Another potentially disastrous consequence of BSE is that it can also be contracted by humans as variant Creutzfeldt-Jakob Disease when eating beef from cattle that has been infected; the agent is not destroyed even when the meat is cooked or treated. Like BSE, this primarily affects the brain and is often diagnosed when affected individuals show symptoms of dementia, poor motor control or anything else that indicates a neurological dysfunction.

The life expectancy in humans once infected is 13 months at most, with palliative care again usually being the only treatment available. vCJD has killed at least 177 people in the UK since the first outbreak in 1986, which also saw domestic sales of beef fall by 40% as household consumption dropped by a quarter on the previous year. Overseas exports were also crippled by an EU ban that was only lifted in 2006; the overall cost to the UK economy was at least £740 million. In addition, individuals who spent at least 6 months living in the UK from 1980 to 1996 can be barred from donating blood in the USA, Canada, New Zealand and some EU member states. This is due to the presence of prions in the blood of affected individuals and evidence that vCJD can be transmitted between humans via blood transfusion. This is similar to the transmission of kuru, a virtually identical disease exclusive to the Fore tribe of Papua New Guinea, due to their traditions of intermarrying and ritualistic cannibalism of recently deceased (infected) family members. The epidemic declined rapidly after the Fore discarded cannibalism, lending further evidence to the theory of vCJD transmission. What is more unclear, however, is whether the disease can be sexually transmitted. While there is no evidence for this theory the U.S. federal government has still banned import of any donor sperm for use in IVF treatment, ostensibly to prevent another outbreak, which has led to the loss of the very popular Scandinavian sperm imports.

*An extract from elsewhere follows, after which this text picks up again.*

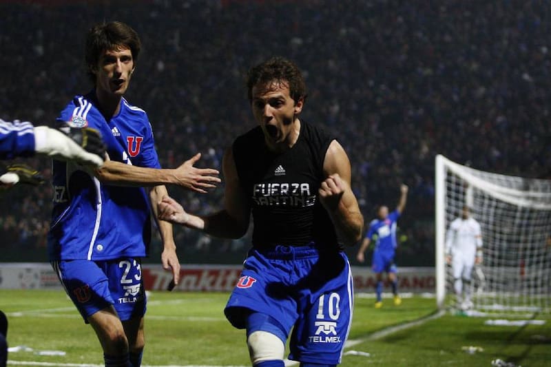 En una repleto Estadio Santa Laura, Montillo rememora su celebración de aquel histórico gol que sirvió para que la "U" avanzara a la siguiente ronda de la Libertadores de ese año, pese a caer por 1-2 y gracias a la victoria en la ida por 3-2 en el Estadio Maracaná.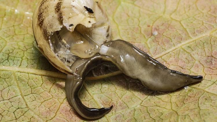 When snails detect an impending threat, they retreat their bodies inside the relatively safe confinements of their tough shells. But the flatworm latches onto a tiny opening in the shells and spits acid to dissolve the snail's flesh. Poor creatures are eaten alive!

BSE is transmitted in a similar manner between cattle; the outbreak in the UK is believed to have started with lax health and safety regulations that led to cattle being fed meat and bone meal (MBM) containing the infected remains of other cattle. An investigation into the outbreak, after the election of the New Labour government in 1997, led to a ban on feeding MBM to cattle which in turn led to a sharp reduction in the number of cases of BSE in the UK, Europe and North America. In countries that have yet to experience an outbreak, such as South Korea, preventative measures are carried out through import control, feeding regulations, and surveillance.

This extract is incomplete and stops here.